There were no visual differences in image quality of the patient scans (Fig. 6). Furthermore, no relevant difference of the SUVmean of the liver as reference organ could be observed, and the comparison of the CVs of the liver showed no clinical relevant differences. Moreover, increases in CV using the CTM mode could not be reproduced within these VOIs and is most probably attributable to physiological changes. This and the IQ phantom tests indicate the equivalence of the SS and CTM acquisition mode for clinical purposes. Nevertheless, enhanced noise at the axial edges in the SS mode acquisition was observed. This was further confirmed by the quantitative evaluation of the CV from a corresponding region which showed an average increase in the CV of 30 % for the SS acquisitions. This is the result of the low sensitivity in this part of the axial FOV (Fig. 2) and is avoided using the CTM technology [32].

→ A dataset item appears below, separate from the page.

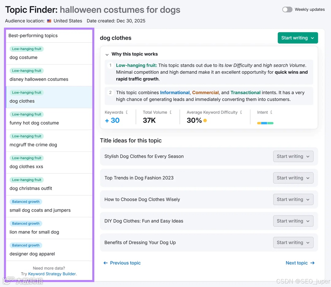 当你输入一个广泛的主题时,主题查找器会自动将相关术语、想法分组到不同主题中,并突出指出每个主题为何值得针对。对于每个主题,你都会看到整体搜索需求、关键词难度、意图以及该主题为何有效的简短说明等洞察。
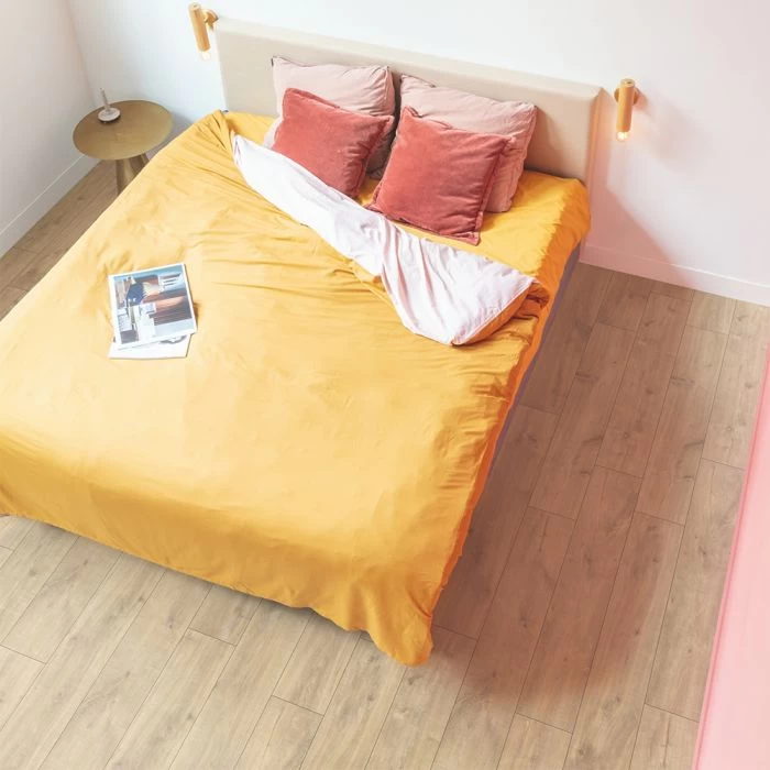 Floating a floor over an underlay means the planks of flooring are attached together by the click fitting system, but they are not fixed directly down to the subfloor; instead they float over a layer of underlay. This method of installation is compatible with underfloor heating.

Nevertheless, CTM enables the use of varying table speeds for different axial regions. This can be used to optimize the protocols, e.g., a faster feeding over the legs to lower overall scan time or to adjust noise properties in regions of interest, e.g., slower feeding in the abdominal region. Also, advanced acquisition protocols like described by Karakatsanis et al. [36] could benefit from CTM.